Art in Our Churches
Bishop Malloy Says Love, Care At Heart of Church Decorations
By Louise Brass, Observer Correspondent
April 26, 2018
Fine artwork can be a statement, a signpost, or a guide to understanding a message.
Art in our churches should be a link directing us to the Divine, and the message of Jesus, according to the 2000 United States Conference of Catholic Bishops (USCCB) liturgical guidelines.
Each work of art in a church—statue, glass work, or oil painting—can lead us to the Divine, because Christian beauty manifests itself as an echo of God’s own creative act, the guidelines state, and therefore should reflect the best of our artistic heritage.
Many churches in the Rockford Diocese contain dramatic and beautiful artwork for the edification of parishioners and visitors, said Bishop David Malloy during a recent Northern Illinois Newspaper Association gathering of journalists, students and religious leaders in DeKalb. 
“I think that’s been demonstrated especially by the historical and ethnic churches that are scattered throughout the diocese, particularly those with the magnificent stained glass windows that not only convey the story of faith and the Scriptures, but they also have that attraction and beauty that we are so aware is an opening to faith and the truth,” Bishop Malloy said.
The bishop is no stranger to churches in the “old world” as well.
“I spent many years in Europe and Rome and some time in France, and the ability to go into some of those churches, even if you are not a Catholic, or not a believer, to observe the love and the care and the beauty that is put together is something to observe.”
The lesson is the same here as it is there, he added.
The USCCB guidelines titled, “Built of Living Stones: Art, Architecture, and Worship,” states: “The place where God gathers this people powerfully draws them more deeply into communion and expresses in beauty God’s profound holiness.”
Lay persons can find direction when creating art for sacred spaces through The Catholic Art Guild, an all-volunteer, 501c3 non-profit organization created to support Catholic art and artists. 
The mission of the guild is to catalyze artists towards participation in the new evangelization, answering the call of Pope St. John Paul II, Pope Emeritus Benedict XVI and Pope Paul VI, all of whom called artists to use their gifts in aid of the Church and for the greater glory of God. 
In almost every church, stained glass windows display many scenes from the life of Christ and images of saints, creating a kaleidoscope of color. However, the crucifix is usually the most dramatic and symbolic of all the art in a Catholic church, and typically is placed prominently above or behind the altar.
“It has always been the custom and the tradition that we focus on the cross, because it is the death of Christ that opens the way to Easter and the resurrection,” Bishop Malloy said. 

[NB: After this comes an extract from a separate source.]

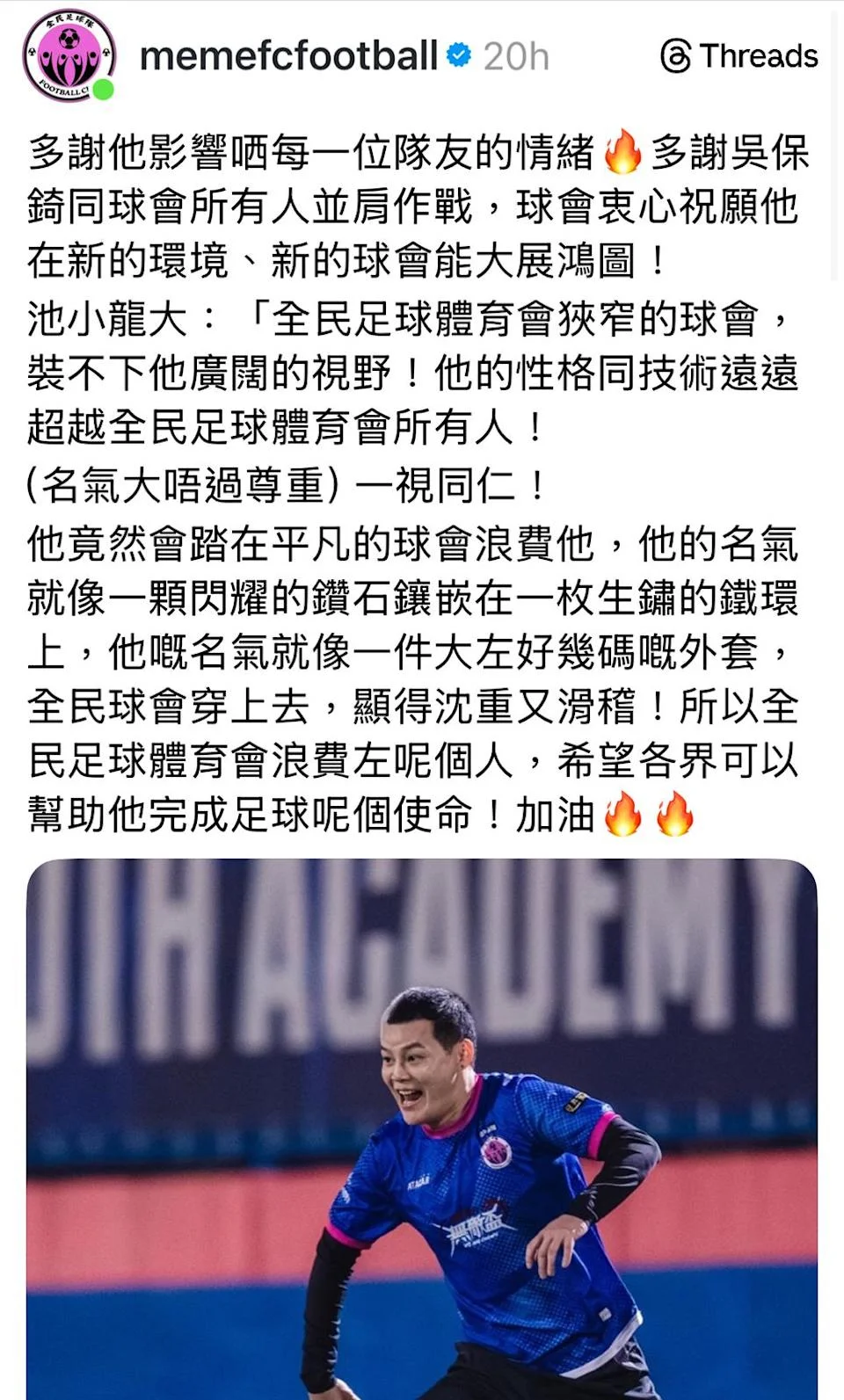 球會在帖文中寫道:「多謝他影響晒每一位隊友的情緒。多謝吳保錡同球會所有人並肩作戰,球會衷心祝願他在新的環境、新的球會能大展鴻圖!」看似祝福,實則句句帶刺。文中更以「池小龍大」形容雙方關係,直言「全民足球體育會狹窄的球會,裝不下他廣闊的視野!他的性格同技術遠遠超越全民足球體育會所有人!」,甚至補上一句(名氣大唔過尊重)一視同仁,語氣相當尖銳。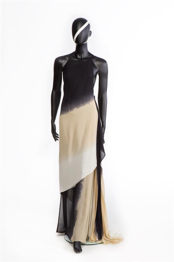 Tweedelige avondjurk van zwarte zijden crêpe in moul...

The Church considers artwork a constitutive element of the sacred liturgy. So it has to be sacred art, opening the mind of the viewer to truth.
“People in our contemporary culture have the phrase ‘beauty is in the eye of the beholder’ which makes the beauty or goodness of a piece of art subjective,” said Father Jonathan Bakkelund, director of the Office for Divine Worship and pastor at St. Peter Parish in Geneva.
“But our Church has never taught that. For us, beauty is objective,” Father Bakkelund said.
To determine if something is sacred or not sacred, he said, the question is, “Does the image represent accurately the ontological reality or the fundamental being of the thing it is representing? If it does that well, it is beautiful. If it does not, then it is not,” Father Bakkelund said.
Ultimately it is up to the bishop, as the chief liturgist, to decide appropriateness of a work of art. And that ensures continuity.
When it comes to artwork, everyone has preferences. One pastor may want certain decorations or artwork, and the next priest to come to a parish may want something different. 
“Then the next guy comes and changes everything back. To ensure it is not a matter of personal preference, in the Diocese of Rockford — because the Church thinks in centuries — the Church’s understanding of changes in the sacred liturgy go through the Office of Divine Liturgy,” Father Bakkelund said.
The “General Instruction of the Roman Missal” is really the governing document for liturgical art and architecture, he added.
Pope St. John Paul II, in his letter on the Eucharist, said that Catholics understand the liturgy as a banquet and a feast, a memorial and a celebration, but amidst all those things it is most fundamentally a sacrifice of Christ on Calvary.
A small crucifix is placed on or near the altar during Mass to help keep the sacrifice of Christ in the forefront of the mind of the celebrant when saying the Mass, Father Bakkelund added.
Artwork, whether of glass, canvas, wood or stone, helps add a deeper understanding of what is happening on the altar, he said, and can guide the congregation into an appropriate state of mind for participating in the liturgy.
 “We believe the liturgy is literally heaven on earth,” he said.